# Animal Humane Society



## Brooke (Jan 21, 2006)

Hello! My name is Brooke, and I am new to this forum. I am interested in buying a bunny (it's something I've wanted to do for a loooooong time!!), and I was especially interested in buying my bunny from the Humane Society, or another rescue organization. There are a lot of bunnies out there in need of good homes, and I would like to provide one!

Has anyone out there gotten a bunny from a rescue organization, or the Humane Society? Is there anything I should be aware of before purchasing a bunny from the AHS? Any advice/suggestions/etc.?

Also.....I've heard that bunnies can be litter box trained.Is this true? Has anyone had success with litter box training? It's something I would be interested in!!

Thanks for any help or suggestions....I want to be an informed pet owner, and I would appreciate any help I can get before purchasing a bunny.

-Brooke McCaffrey


----------



## Pipp (Jan 21, 2006)

Brooke, that's awesome! Kudos to you for doing your research. :great:

Getting my first rabbit was an accident (she was rescued off the street), but it was the best accident that ever happened to me. We're a bonded pair. I love her so much!

Since then I've got one (and soon to be two) other rabbits from a rescue organization. 

No problem litter training any of them, but the young bunnies will go through a juvenile deliquency stage when their hormones kick in, and the litter training goes out the window. But once mine was spayed, she soon went back to the little love bug she was, with stellar (almost) litter habbits. (She still poops and pees to markher territory in front of the other bunny's door, and sometimes where the cats are). 

They are the most wonderful pets in the world. What area are you in? There are so many bunnies needing homes.You may want to PM the forum's new rescue moderator is Lissa, but she may not be on again until Monday.

Again, you're wonderful! :hug:

SAS and PIPP :highfive:


----------



## bunnydude (Jan 22, 2006)

It is awesome that you want to be an informed bunny parent! I adopted my bunnies from a private rabbit rescue, and had absolutely no complaints. A humane society would be just as good. If you go to http://www.petfinder.com, you can find a list of all the adoptables in your area. That's how I found mine.

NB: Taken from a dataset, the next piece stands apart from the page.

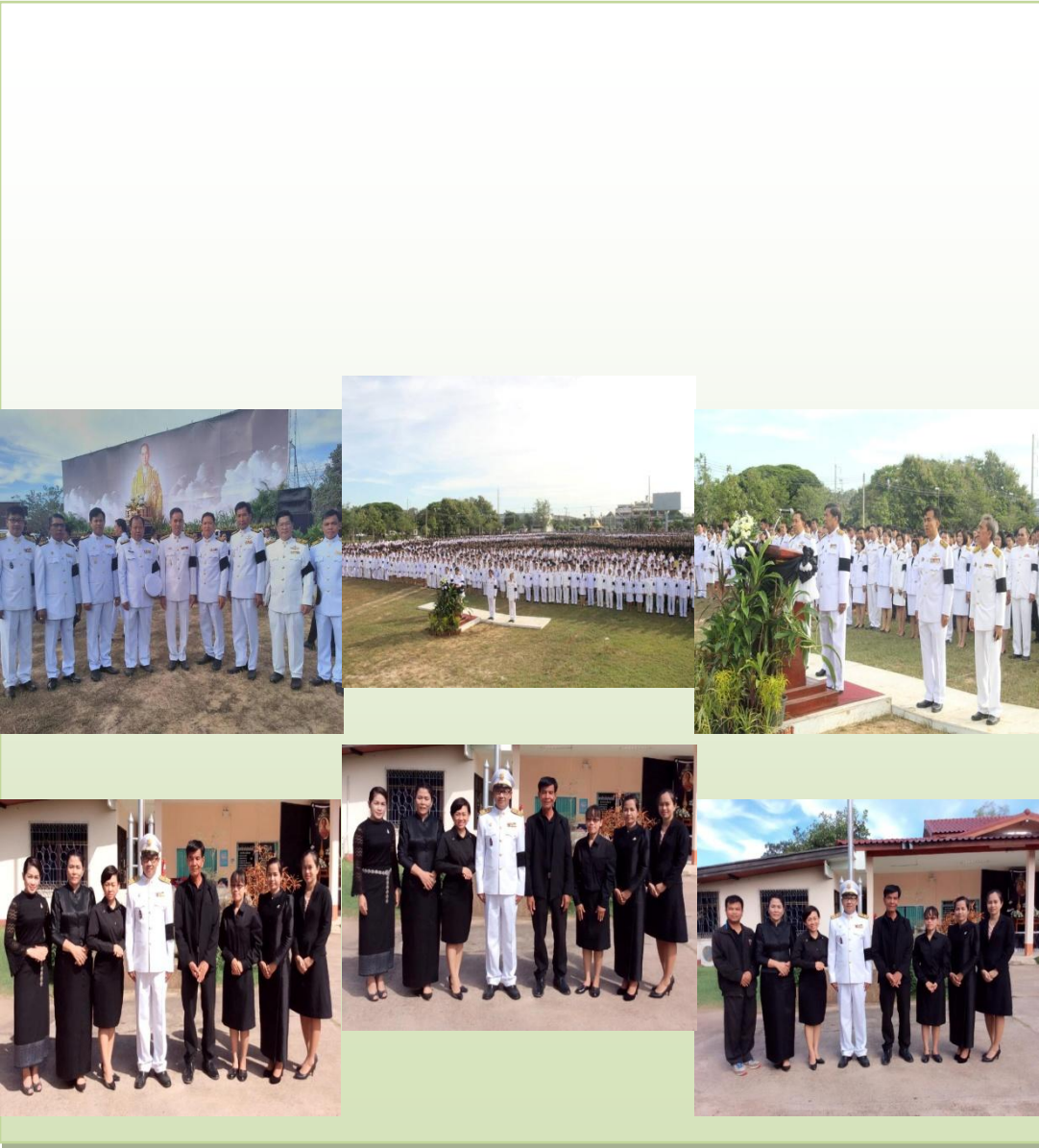
วาระการประชุมสามัญ ครั้งที่ ๓ ประจำปี พ.ศ. ๒๕๕๙

As far as litter training, it is very easy and I have had great success with it.

Bunnydude


----------



## Bassetluv (Jan 22, 2006)

:hug:
That's for you, Brooke...! Anyone who adopts from a Humane Society is pretty great in my books! There are so many bunnies out there looking for homes. I adopted a rabbit last summer from my local Humane Society, and he was the sweetest little guy...I'm sure when you find the one who is right for you, you will be so happy!

A couple of things to suggest when you go to adopt...find out how old the bunny is and if he or she is already spayed or neutered. Watch the bunny for a while and see how he is on his own...does he sit at the back of the cage or is he curious and alert? Ask to see his teeth...malocclusion (where the teeth grow abnormally long and can grow out in different directions) does occur with some rabbits and can be costly to maintain in the long run, as the teeth would need to be trimmed by a vet every few weeks. 

I've found that most animals put up for adoption are very healthy (unless there are special health problems, and they should be specified by the shelter), and are usually very friendly. But ask if you can handle the bunny for a few moments - with help from the staff if you aren't used to handling rabbits - and see how he or she responds to you. I find that whenever I've adopted an animal, it's actually the other way around...they adopt me....and as soon as I see them I feel it. 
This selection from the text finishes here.